The leaves bear an apparent resemblance to the true firs. They are attached singly to the branchlets, but have short petioles (leaf stems) and grow all around the twigs in spirals which tend to be flat on horizontal branches somewhat like those of White or Red Firs but on drooping branches are evenly spaced giving a full rounded aspect. The needles are short, between three-fourths and one and one-half inches in length, flat, glossy, light-green above and gray-green beneath. In the late spring the tufts of new leaves like those of the true firs are a vivid yellow-green which contrasts so strikingly with the older, darker foliage as to suggest clusters of flowers. The conical reddish-brown bud scales from which the new foliage grows remain on the twigs for at least a year as brown, papery scales and thus serve as additional identification marks.

Like the two true firs in Yosemite, the bark of young Douglas Firs contains balsam blisters, is whitish or ashy and smooth, but soon becomes rough and dark gray. On old trunks the broad faces of the ridges are dark brown whereas the sides of the deep fissures have an ashy sheen difficult to describe. The inner bark in section consists of alternate layers of tan and red thus combining the inner bark colors of both White and Red Firs.

The cones are signally different from those of all other Yosemite conifers in possessing trident-shaped bracts that extend beyond the cone scales. In fact, this three lobed bract alone is sufficient to distinguish the Douglas Fir from all other North American trees except its near relative, the Bigcone Spruce (Pseudotsuga macrocarpa) of Southern California. The reddish-brown cones hang from the branches and fall entire in contrast to the true firs in which the cone scales fall one by one. The cones frequently remain on the trees for a year after ripening.

Douglas Fir is one of the most important timber trees in the world. From no other conifer is wood produced so strong, flexible and durable. From no other tree is so much lumber cut. In Washington and Oregon where it attains its maximum development, thousands of Douglas Firs are over 200 feet high while many have been found 300 feet in height. The tallest recorded Douglas Fir towers 330 feet. It is just thirty-four feet shorter than the “Founder’s Tree” the tallest tree in the world, a Coast Redwood, and exactly equals in stature Yosemite’s tallest tree, a Giant Sequoia in the Merced Grove.

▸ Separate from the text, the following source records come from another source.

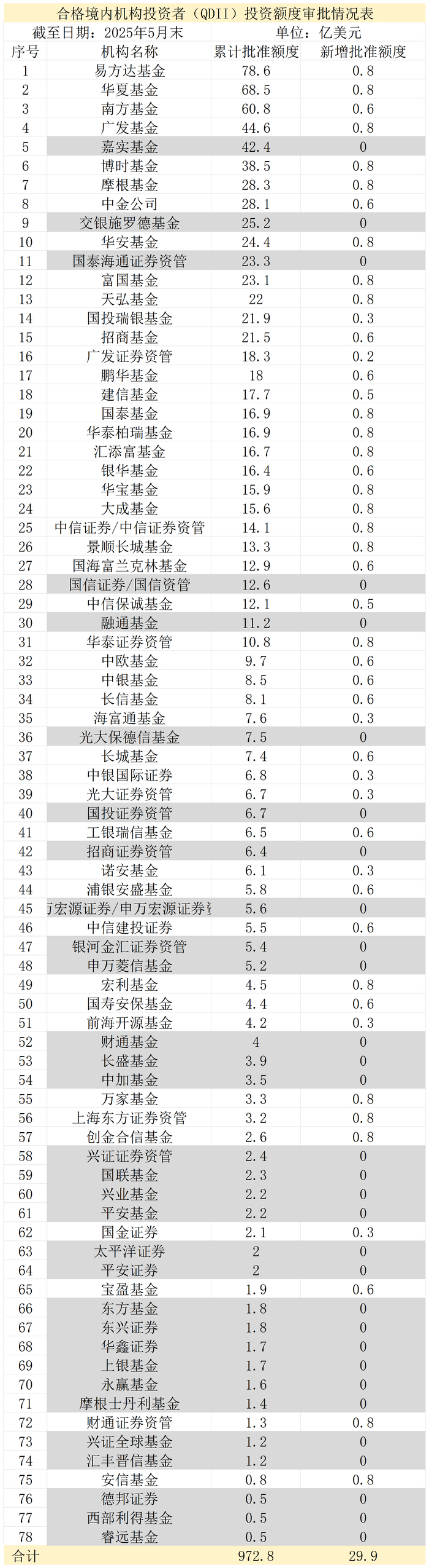 表:78家证券基金机构累计获批QDII额度明细表,标灰为本次未获批额度 来源:界面新闻整理从此次获批的额度来看,易方达基金、华夏基金、广发基金、博时基金、摩根基金等22家机构均获批0.8亿美元的额度,南方基金、中金公司、招商基金、鹏华基金、银华基金等15家机构均获批0.6亿美元额度,国投瑞银基金、海富通基金、中银国际证券、光大证券资管等7家机构均获批0.3亿美元额度,中信保诚基金、建信基金分别获批0.5亿美元额度,广发证券资管获批0.2亿美元额度。
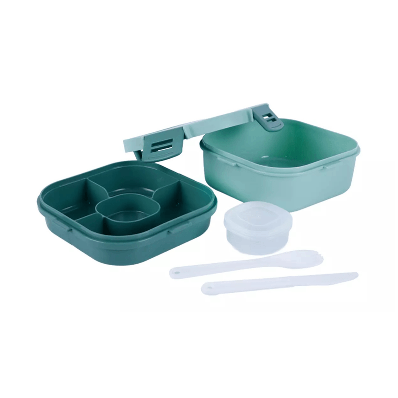 Fabricado en plástico resistente y libre de BPA, combina durabilidad y ligereza para un uso cotidiano. Su base verde aporta un estilo moderno, mientras la tapa blanca facilita su identificación en estanterías o loncheras. Perfecto para uso doméstico, transporte de comidas o almacenamiento de ingredientes secos.
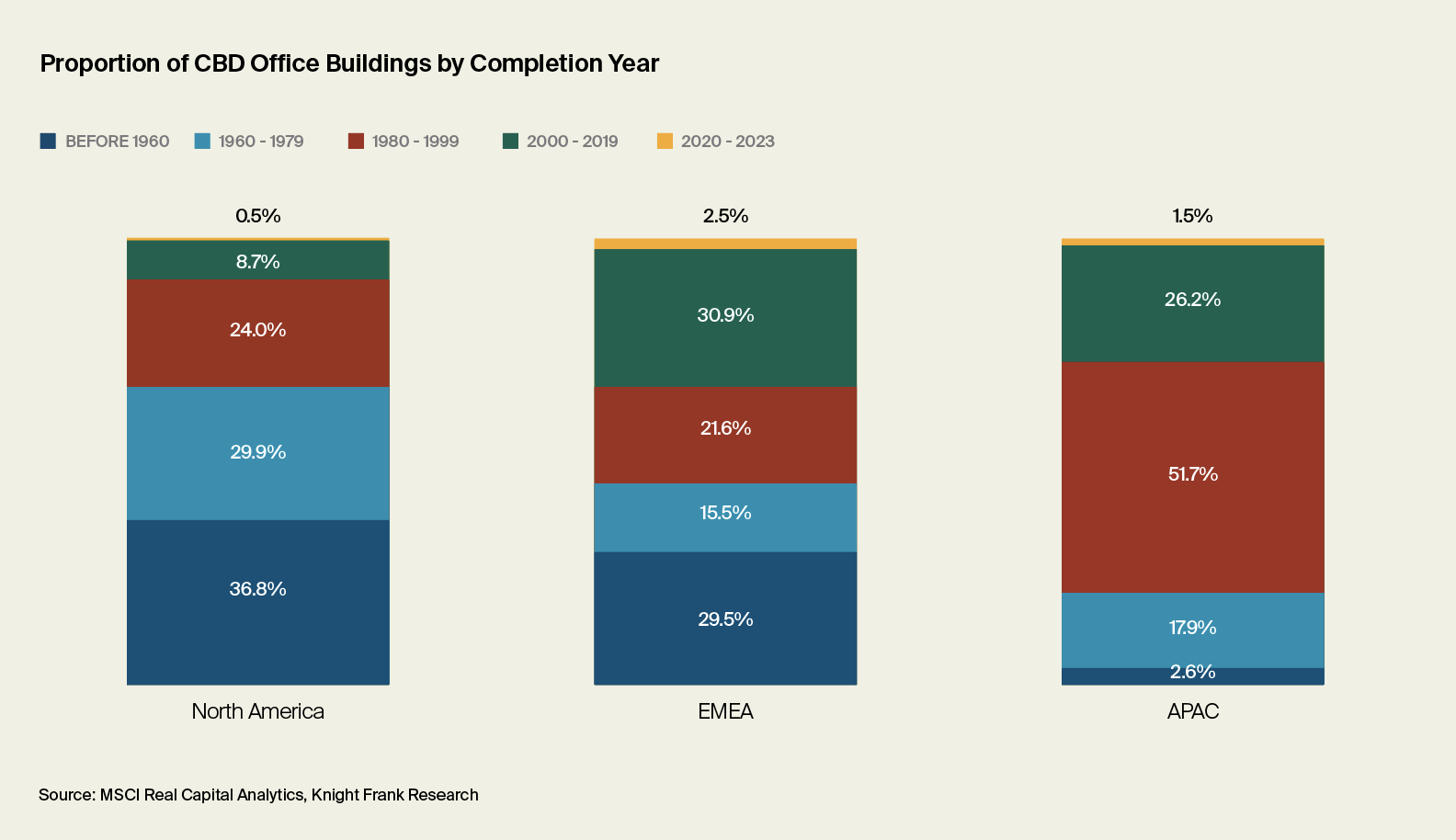 Most office buildings in the Central Business District (CBD) in Asia-Pacific are relatively new, which indicates that they are likely equipped with the latest technologies that enhance user experience.
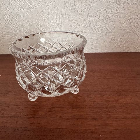 krystal glas skål med låg i klar glas. Skålen har facetslebet mønster og tilhørende låg med greb. Egnet til opbevaring af småting som slik, nødder eller smykker og som dekorativt element i stue, køkken eller på spisebord. Ukendt mærke
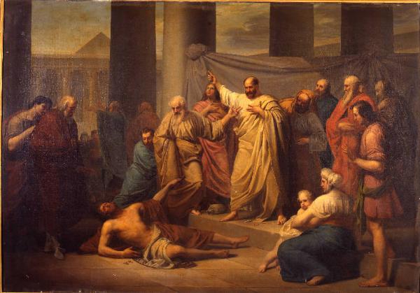- NOTIZIE STORICO CRITICHE La grande tela entrò nelle collezioni dell'Accademia perchè vincitrice del I premio del Grande Concorso per l'anno 1832. In quell'occasione, benchè partecipassero alla gara ben sette concorrenti, la giuria decretò vincitrice il dipinto del Sala con la seguente motivazione: "Bene aggruppata ed espressiva la composizione; animata e dignitosa la figura di S. Pietro; ragionevoli i partiti di pieghe; ben colto l'effetto del chiaroscuro, ma lacune delle figure degli apostoli hanno le gambe poco proporzionate; (...); alcune figure alla destra di S. Pietro non abbastanza bene collocate in ragione prospettica: del resto il colorito è soddisfacente sia in quanto al tocco che alla distribuzione della luce (...)". Ben diversa era la recensione pubblicata sulle pagine delle "Glorie" e quella dei compagni di concorso, i quali, invece, evidenziarono come il Sala avesse illustrato pedissequamente l'episodio senza alcuna volontà di interpretare personalmente la scena. Della discussa opere del Sala, non venne evidenziata la raffinata ricerca iconografica: dagli arazzi di Raffaello per gli "Atti degli Apostoli", alla posa della donna che stringe tra le braccia il bambino tratta, invece, dalla raffaellesca "Cacciata di Eliodoro". Il dipinto venne successivamente riprodotto da Giovanni Cagnola nella raccolta di incisioni illustranti le opere vincitrici ai Grandi Concorsi di Brera.

Since these trees have come to Yosemite from the north, they are to be looked for in the cooler portions of the park. Yet, unlike other northern species, they do not climb to high elevations for colder habitations. Their vertical range is between 3500 and 5500 feet, and, consequently, Douglas Firs are restricted to the shady sides of the deep canyons or near waterfalls. Visitors in Yosemite Valley who enjoy watching the streams as they pour over the perpendicular cliffs frequently see the leaping water comets of the falls framed in the swaying sprays of this graceful. tree.